## Exercise aim
Return the lines below exactly, from the first line to the line that contains "長山尾位于林海公園的最南端,長約兩千多米". Leave out pictures.

(Records drawn from a dataset)
______________________________
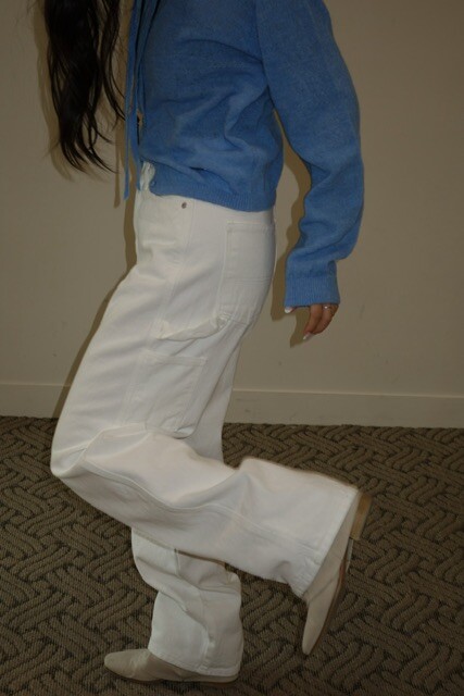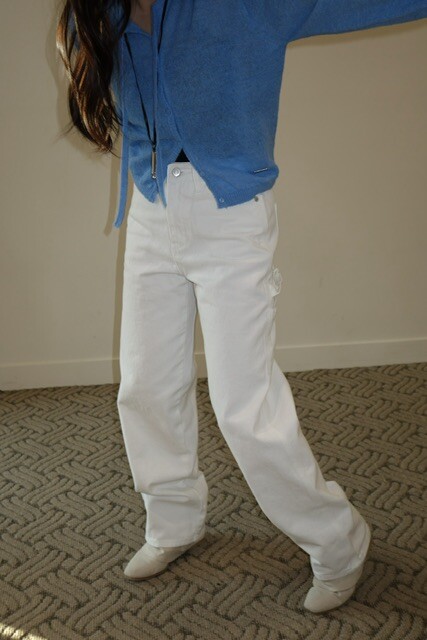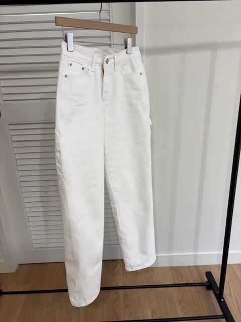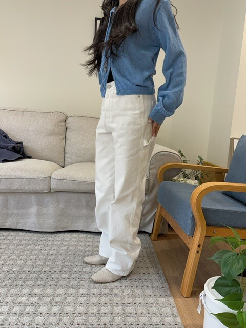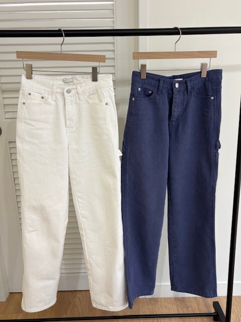 과하지 않은 스트레이트 핏으로 다리 라인을 자연스럽게 커버해주며, 카펜터 특유의 사이드 포켓 디테일이 캐주얼한 무드를 더해줍니다. 탄탄한 코튼 데님 소재로 흐트러짐 없이 떨어지고, 허리 라인은 안정감 있게 잡아줘 착용감이 편안해요. 아이보리와 딥한 네이비 컬러 구성으로 계절에 구애 없이 활용하기 좋으며, 티셔츠·니트·셔츠 어디에나 매치가 쉬워 데일리 팬츠로 손이 자주 가는 아이템입니다. 슬리퍼부터 로퍼, 스니커즈까지 다양한 슈즈와도 자연스럽게 어울려요.
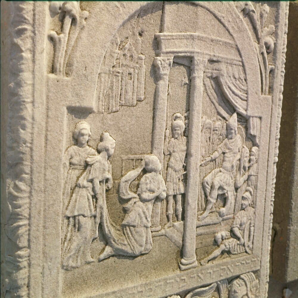 Reliëfs op graven op de oude Joodse begraafplaats Beth Haïm
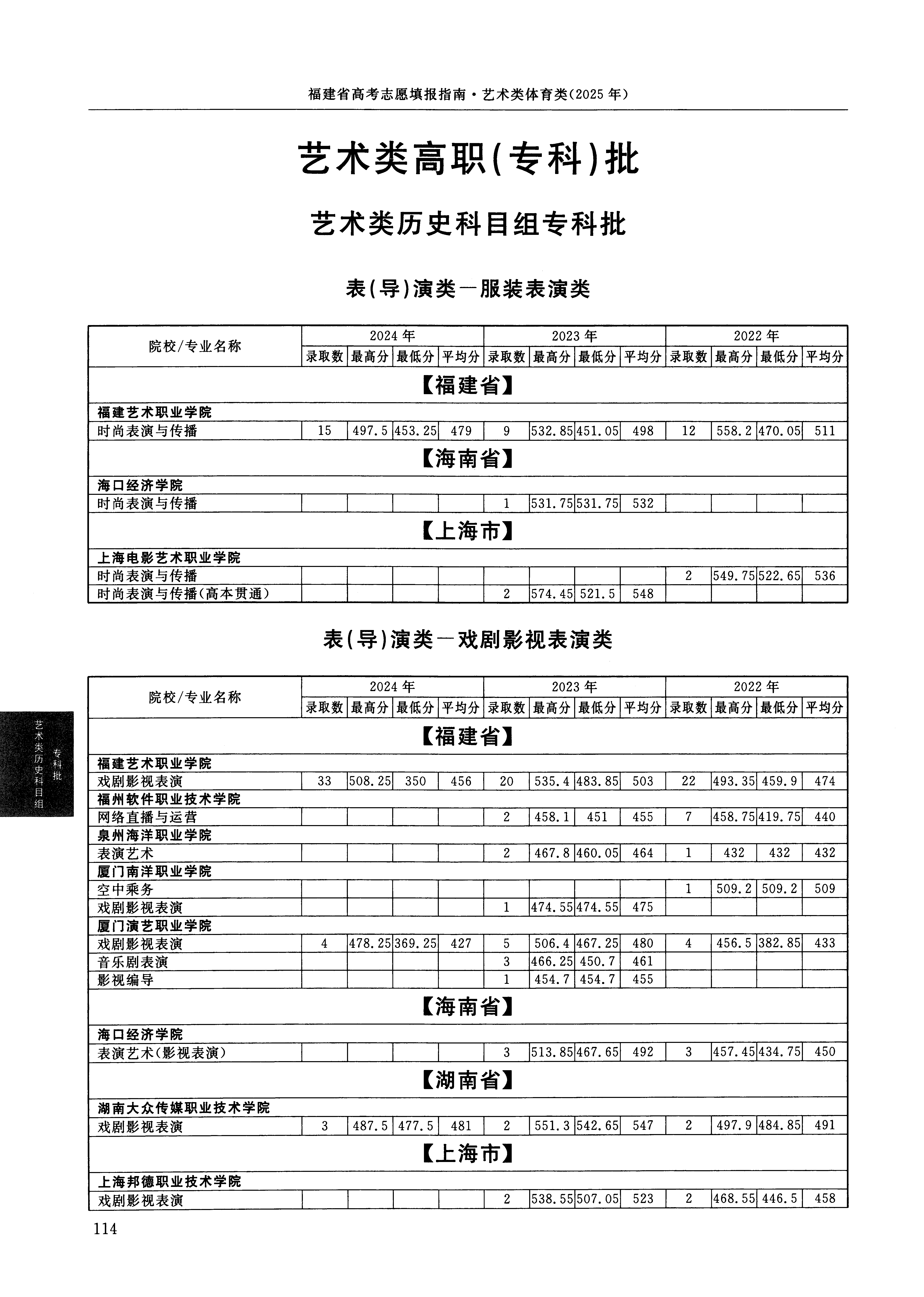 2024年福建高考艺术类高职(专科)批表(导)演类戏剧影视表演方向 湖南大众传媒职业技术学院 的 戏剧影视表演 专业录取分数溯源信息
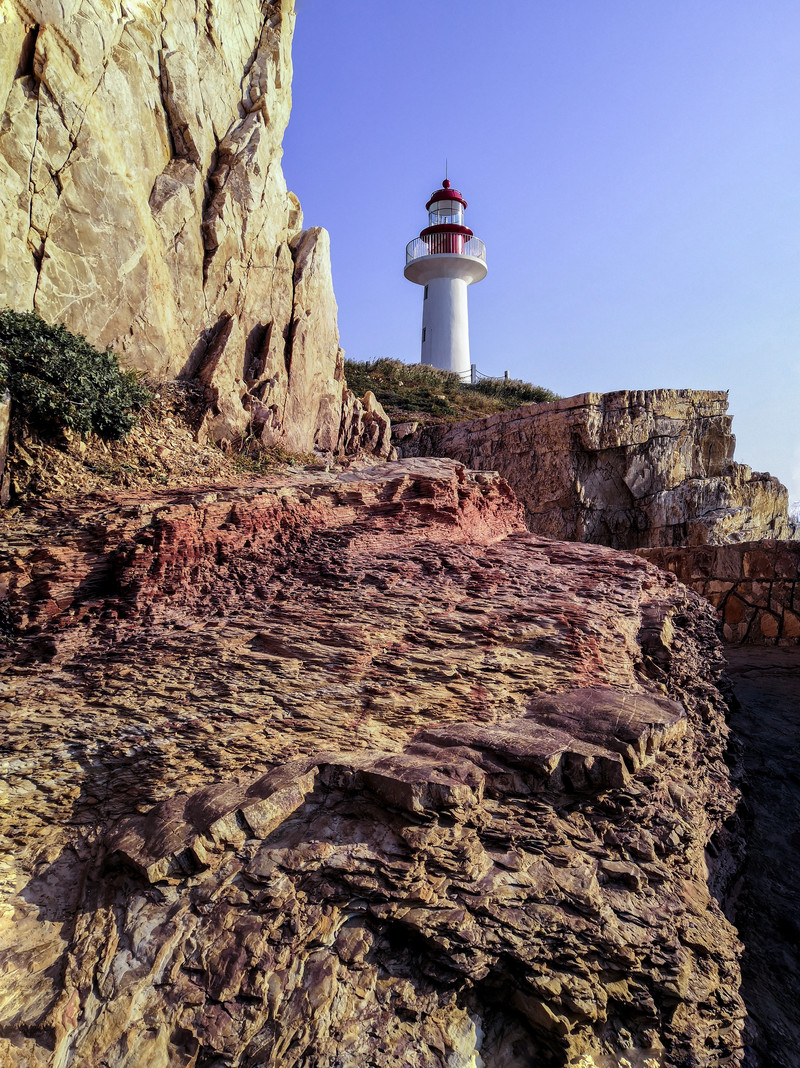 長山尾位于林海公園的最南端,長約兩千多米,由闊而尖的玉色石灘伸入海中,形成“龍尾”,將萬傾碧波一分為二,然后消失在登州水道。這里波涌流急,黃海和渤海在這里常年纏斗不休、涇渭分明卻又渾然一體,形成一個(gè)美妙的太極彎。▼
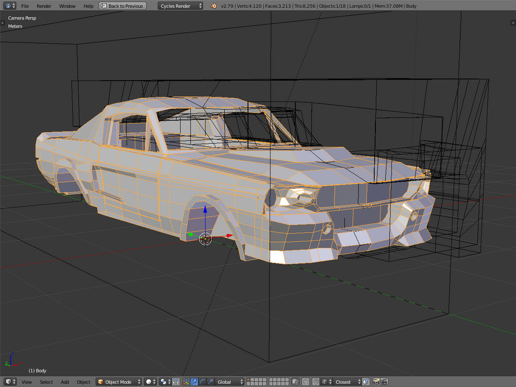 Teraz napiszę trochę o powstaniu tego modelu. Do stworzenia tego projektu namówił mnie mój najlepszy przyjaciel, wielokrotnie prosząc mnie o to. Bardzo mu się to auto podobało. Ja osobiście bardziej wolę oryginalnego Forda Mustanga z 1964 roku, więc zrobiłem ten model bez jakiegoś przekonania i ciśnienia. Jest to jeden z najstarszych modeli samochodów, które zrealizowałem (4 model samochodu licząc z Willysem MB). O samych technikach napiszę poniżej. Pracę trwały od 29 czerwca 2019 do 7 sierpnia 2019, gdy doszło do (pierwszej) publikacji. Z pierwszej publikacji nie zachowały się oryginalne rendery, te poniższe zostały wyciągnięte z dokumentu WIP tego auta.
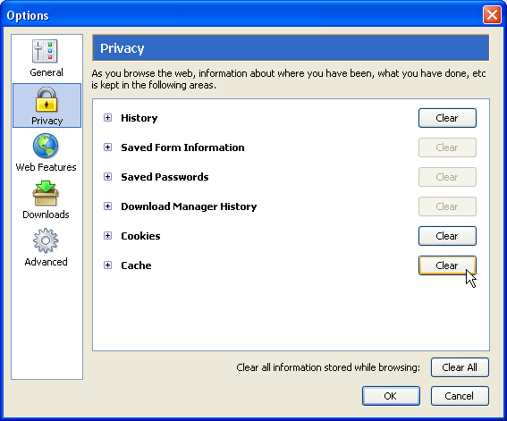 - Click on the Clear Disk Cache button. Click the OK button in the dialog window that appears to confirm the deletion of your disk cache. (On the Windows platform, after deleting your disk cache, also click the Clear Memory Cache button.).
______________________________
## Exercise answer
 과하지 않은 스트레이트 핏으로 다리 라인을 자연스럽게 커버해주며, 카펜터 특유의 사이드 포켓 디테일이 캐주얼한 무드를 더해줍니다. 탄탄한 코튼 데님 소재로 흐트러짐 없이 떨어지고, 허리 라인은 안정감 있게 잡아줘 착용감이 편안해요. 아이보리와 딥한 네이비 컬러 구성으로 계절에 구애 없이 활용하기 좋으며, 티셔츠·니트·셔츠 어디에나 매치가 쉬워 데일리 팬츠로 손이 자주 가는 아이템입니다. 슬리퍼부터 로퍼, 스니커즈까지 다양한 슈즈와도 자연스럽게 어울려요.
 Reliëfs op graven op de oude Joodse begraafplaats Beth Haïm
 2024年福建高考艺术类高职(专科)批表(导)演类戏剧影视表演方向 湖南大众传媒职业技术学院 的 戏剧影视表演 专业录取分数溯源信息
 長山尾位于林海公園的最南端,長約兩千多米,由闊而尖的玉色石灘伸入海中,形成“龍尾”,將萬傾碧波一分為二,然后消失在登州水道。這里波涌流急,黃海和渤海在這里常年纏斗不休、涇渭分明卻又渾然一體,形成一個(gè)美妙的太極彎。▼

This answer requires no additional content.